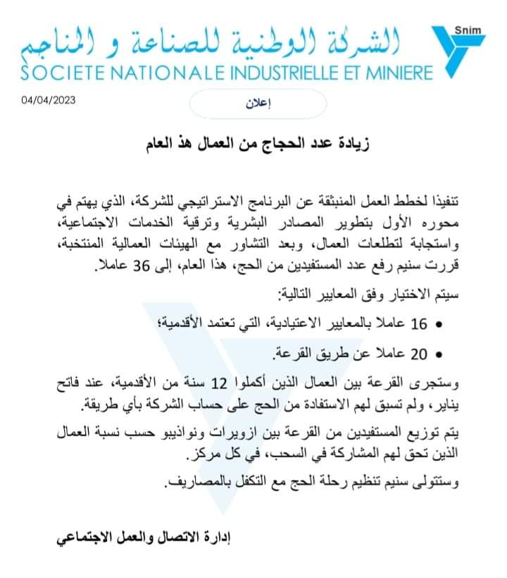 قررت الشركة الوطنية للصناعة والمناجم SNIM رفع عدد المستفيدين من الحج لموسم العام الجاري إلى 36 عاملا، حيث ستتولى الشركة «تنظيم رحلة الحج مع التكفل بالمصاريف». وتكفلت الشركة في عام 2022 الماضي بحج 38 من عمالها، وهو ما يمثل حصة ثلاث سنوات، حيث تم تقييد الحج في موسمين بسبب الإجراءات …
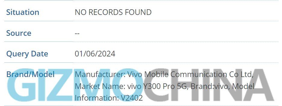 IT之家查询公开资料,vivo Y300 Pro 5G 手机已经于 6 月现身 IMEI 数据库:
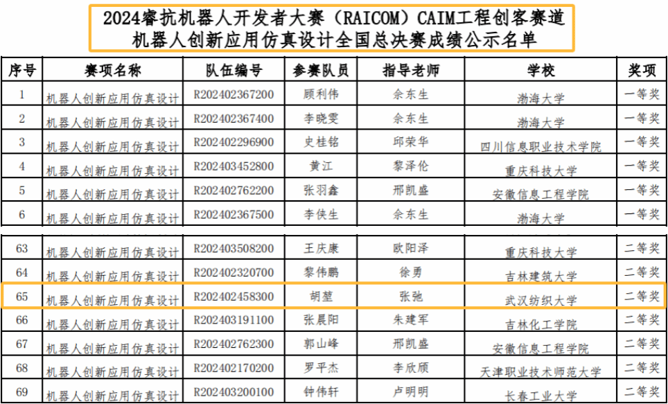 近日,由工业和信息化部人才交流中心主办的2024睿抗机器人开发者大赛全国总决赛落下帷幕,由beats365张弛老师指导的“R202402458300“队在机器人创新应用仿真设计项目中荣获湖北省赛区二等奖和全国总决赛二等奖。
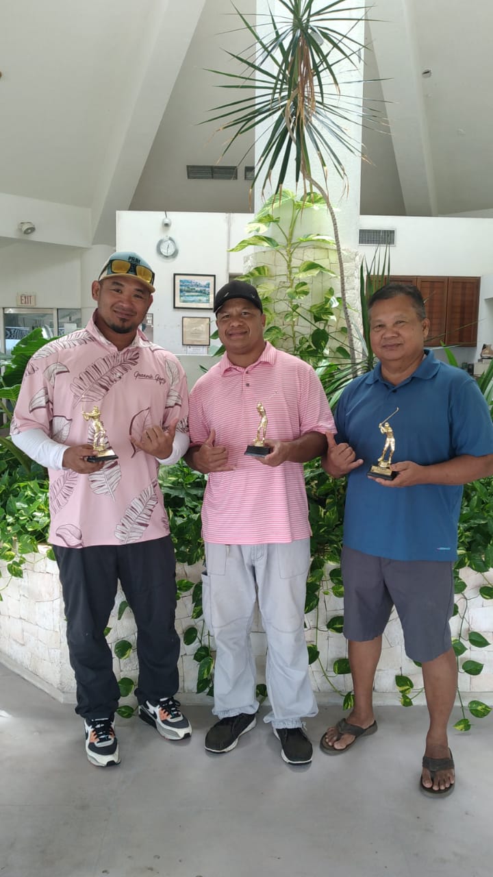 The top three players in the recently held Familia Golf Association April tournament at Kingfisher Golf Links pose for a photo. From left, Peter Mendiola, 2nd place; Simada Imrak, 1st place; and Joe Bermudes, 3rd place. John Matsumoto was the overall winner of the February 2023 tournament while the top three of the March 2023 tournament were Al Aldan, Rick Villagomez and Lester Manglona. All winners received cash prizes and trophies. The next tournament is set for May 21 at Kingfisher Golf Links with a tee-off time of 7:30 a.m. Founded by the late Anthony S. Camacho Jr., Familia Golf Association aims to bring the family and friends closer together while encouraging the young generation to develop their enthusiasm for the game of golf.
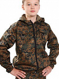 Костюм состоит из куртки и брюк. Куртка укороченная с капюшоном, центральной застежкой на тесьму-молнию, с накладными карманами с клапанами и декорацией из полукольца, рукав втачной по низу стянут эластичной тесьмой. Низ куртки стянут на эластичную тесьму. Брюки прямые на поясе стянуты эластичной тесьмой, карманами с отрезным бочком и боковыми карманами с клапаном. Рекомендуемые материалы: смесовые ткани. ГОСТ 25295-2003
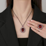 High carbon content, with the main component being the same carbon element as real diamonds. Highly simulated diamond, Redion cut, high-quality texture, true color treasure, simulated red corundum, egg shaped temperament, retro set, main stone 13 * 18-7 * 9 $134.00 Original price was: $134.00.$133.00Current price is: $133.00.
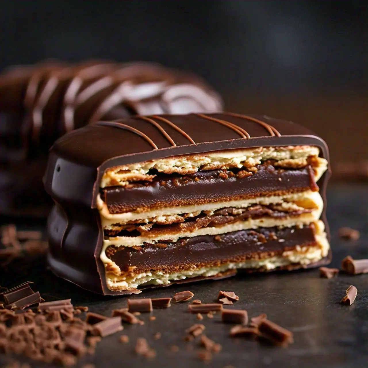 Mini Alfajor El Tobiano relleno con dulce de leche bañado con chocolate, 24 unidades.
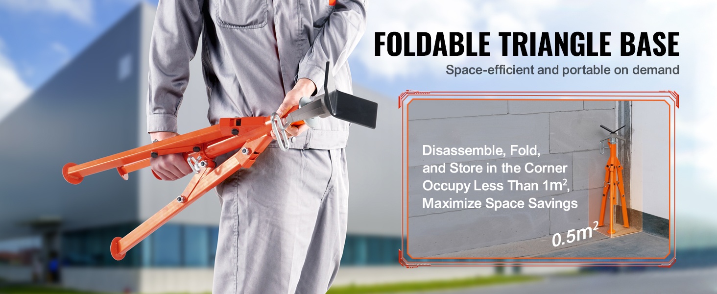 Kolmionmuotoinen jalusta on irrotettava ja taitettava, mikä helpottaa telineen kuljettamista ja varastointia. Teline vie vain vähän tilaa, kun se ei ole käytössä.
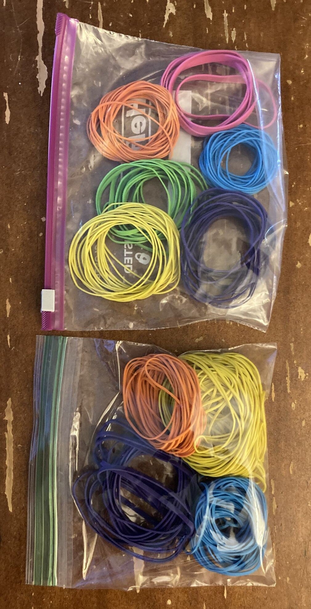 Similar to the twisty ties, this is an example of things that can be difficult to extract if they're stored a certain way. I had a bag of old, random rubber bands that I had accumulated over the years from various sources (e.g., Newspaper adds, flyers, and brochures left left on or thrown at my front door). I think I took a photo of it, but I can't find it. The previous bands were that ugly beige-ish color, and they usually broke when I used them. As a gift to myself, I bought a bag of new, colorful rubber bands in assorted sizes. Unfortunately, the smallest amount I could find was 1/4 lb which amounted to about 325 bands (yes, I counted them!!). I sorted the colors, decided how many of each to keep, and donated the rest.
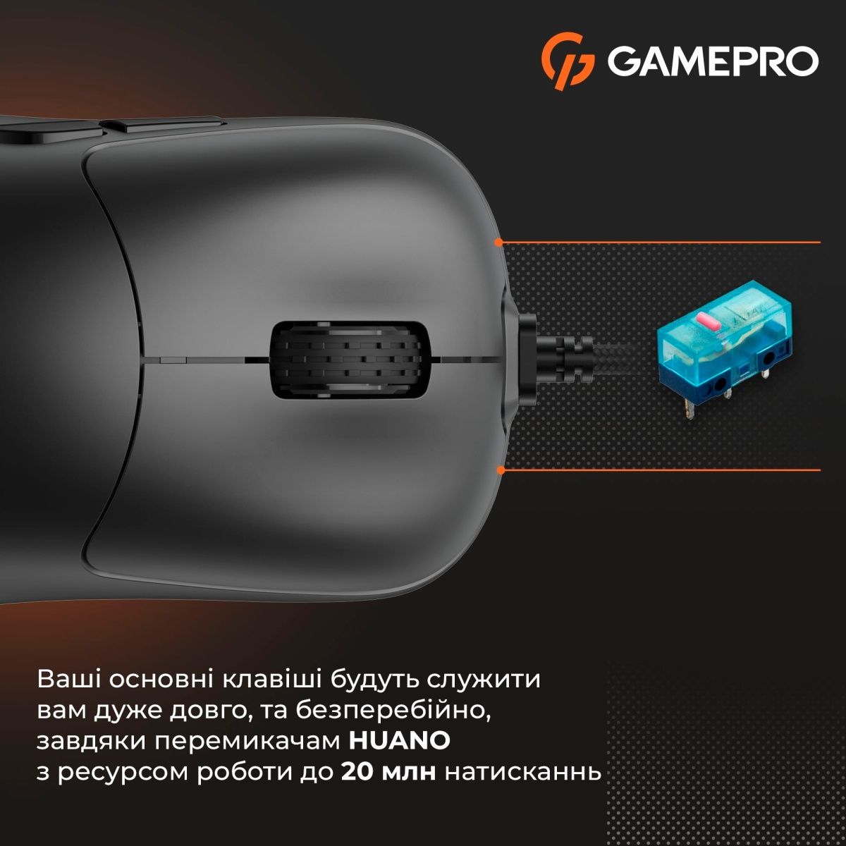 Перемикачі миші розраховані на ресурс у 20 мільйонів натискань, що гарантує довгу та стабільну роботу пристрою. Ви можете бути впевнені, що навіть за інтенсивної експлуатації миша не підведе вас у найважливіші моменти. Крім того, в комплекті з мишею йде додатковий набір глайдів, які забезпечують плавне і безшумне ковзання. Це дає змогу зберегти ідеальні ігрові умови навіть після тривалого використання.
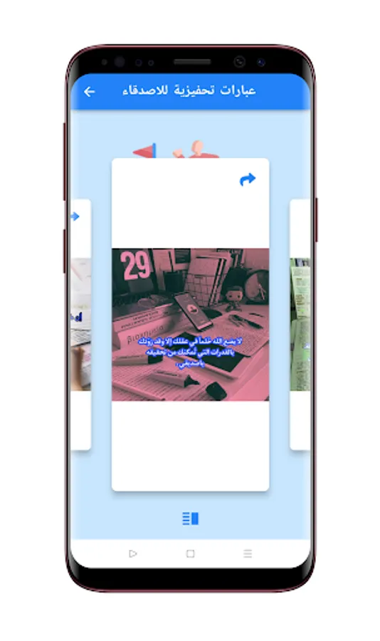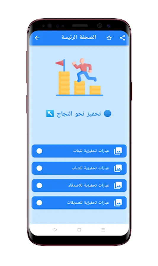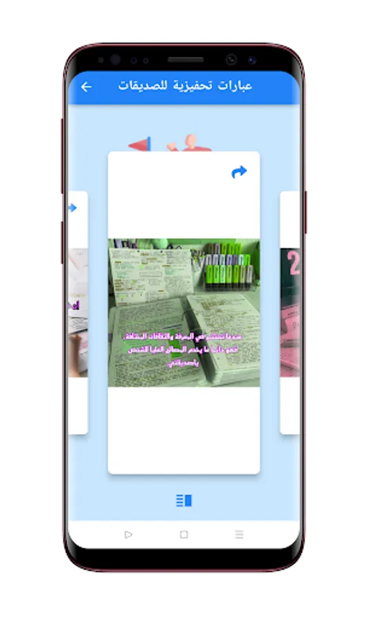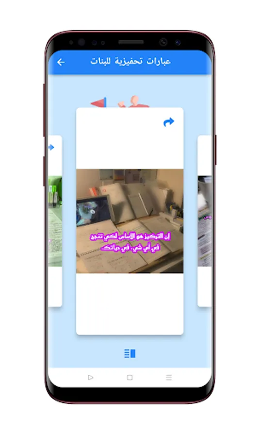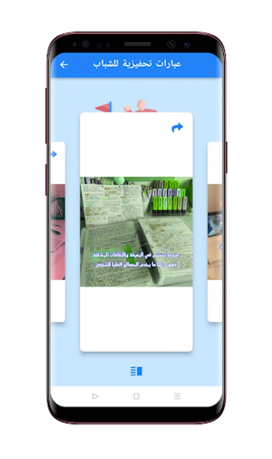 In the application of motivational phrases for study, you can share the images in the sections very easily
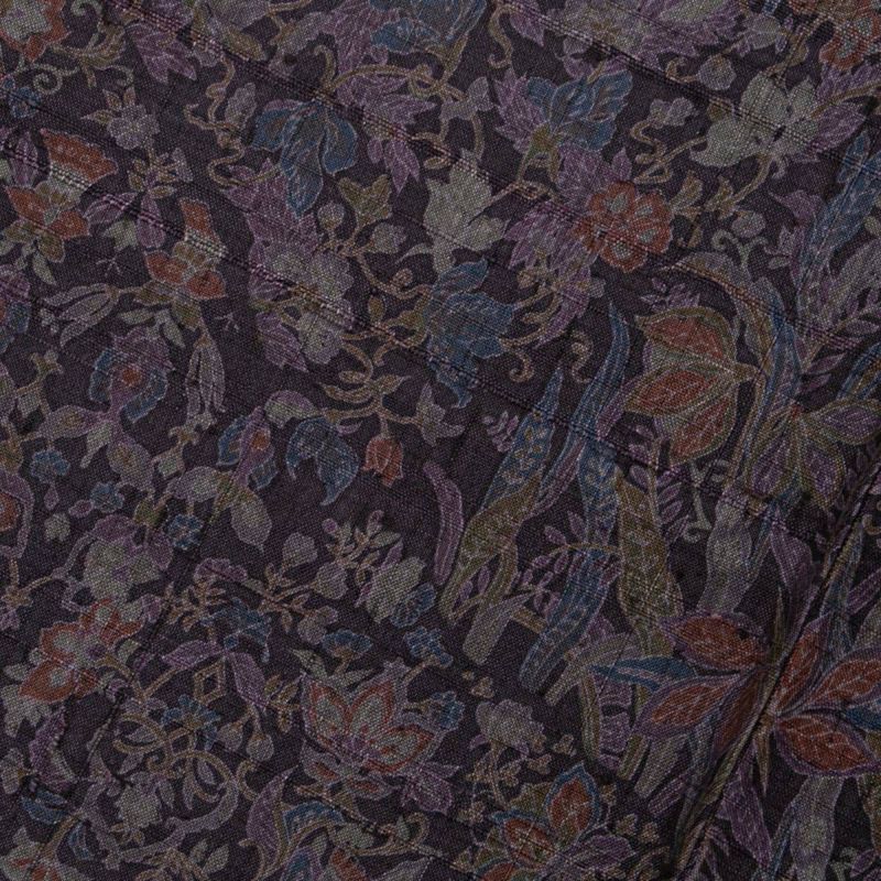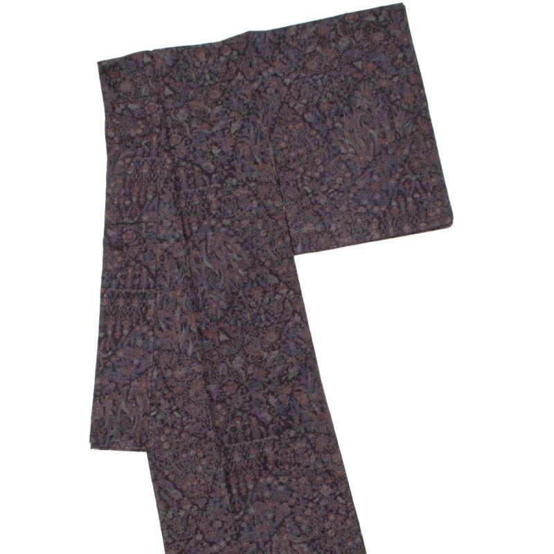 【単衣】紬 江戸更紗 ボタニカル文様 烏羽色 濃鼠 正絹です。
++++++
# [WHAT TO DO]
Although the records contain pictures, return only their text, exactly as written.

# [EXERCISE SOLUTION]
 قررت الشركة الوطنية للصناعة والمناجم SNIM رفع عدد المستفيدين من الحج لموسم العام الجاري إلى 36 عاملا، حيث ستتولى الشركة «تنظيم رحلة الحج مع التكفل بالمصاريف». وتكفلت الشركة في عام 2022 الماضي بحج 38 من عمالها، وهو ما يمثل حصة ثلاث سنوات، حيث تم تقييد الحج في موسمين بسبب الإجراءات …
 IT之家查询公开资料,vivo Y300 Pro 5G 手机已经于 6 月现身 IMEI 数据库:
 近日,由工业和信息化部人才交流中心主办的2024睿抗机器人开发者大赛全国总决赛落下帷幕,由beats365张弛老师指导的“R202402458300“队在机器人创新应用仿真设计项目中荣获湖北省赛区二等奖和全国总决赛二等奖。
 The top three players in the recently held Familia Golf Association April tournament at Kingfisher Golf Links pose for a photo. From left, Peter Mendiola, 2nd place; Simada Imrak, 1st place; and Joe Bermudes, 3rd place. John Matsumoto was the overall winner of the February 2023 tournament while the top three of the March 2023 tournament were Al Aldan, Rick Villagomez and Lester Manglona. All winners received cash prizes and trophies. The next tournament is set for May 21 at Kingfisher Golf Links with a tee-off time of 7:30 a.m. Founded by the late Anthony S. Camacho Jr., Familia Golf Association aims to bring the family and friends closer together while encouraging the young generation to develop their enthusiasm for the game of golf.
 Костюм состоит из куртки и брюк. Куртка укороченная с капюшоном, центральной застежкой на тесьму-молнию, с накладными карманами с клапанами и декорацией из полукольца, рукав втачной по низу стянут эластичной тесьмой. Низ куртки стянут на эластичную тесьму. Брюки прямые на поясе стянуты эластичной тесьмой, карманами с отрезным бочком и боковыми карманами с клапаном. Рекомендуемые материалы: смесовые ткани. ГОСТ 25295-2003
 High carbon content, with the main component being the same carbon element as real diamonds. Highly simulated diamond, Redion cut, high-quality texture, true color treasure, simulated red corundum, egg shaped temperament, retro set, main stone 13 * 18-7 * 9 $134.00 Original price was: $134.00.$133.00Current price is: $133.00.
 Mini Alfajor El Tobiano relleno con dulce de leche bañado con chocolate, 24 unidades.
 Kolmionmuotoinen jalusta on irrotettava ja taitettava, mikä helpottaa telineen kuljettamista ja varastointia. Teline vie vain vähän tilaa, kun se ei ole käytössä.
 Similar to the twisty ties, this is an example of things that can be difficult to extract if they're stored a certain way. I had a bag of old, random rubber bands that I had accumulated over the years from various sources (e.g., Newspaper adds, flyers, and brochures left left on or thrown at my front door). I think I took a photo of it, but I can't find it. The previous bands were that ugly beige-ish color, and they usually broke when I used them. As a gift to myself, I bought a bag of new, colorful rubber bands in assorted sizes. Unfortunately, the smallest amount I could find was 1/4 lb which amounted to about 325 bands (yes, I counted them!!). I sorted the colors, decided how many of each to keep, and donated the rest.
 Перемикачі миші розраховані на ресурс у 20 мільйонів натискань, що гарантує довгу та стабільну роботу пристрою. Ви можете бути впевнені, що навіть за інтенсивної експлуатації миша не підведе вас у найважливіші моменти. Крім того, в комплекті з мишею йде додатковий набір глайдів, які забезпечують плавне і безшумне ковзання. Це дає змогу зберегти ідеальні ігрові умови навіть після тривалого використання.
 In the application of motivational phrases for study, you can share the images in the sections very easily
 【単衣】紬 江戸更紗 ボタニカル文様 烏羽色 濃鼠 正絹です。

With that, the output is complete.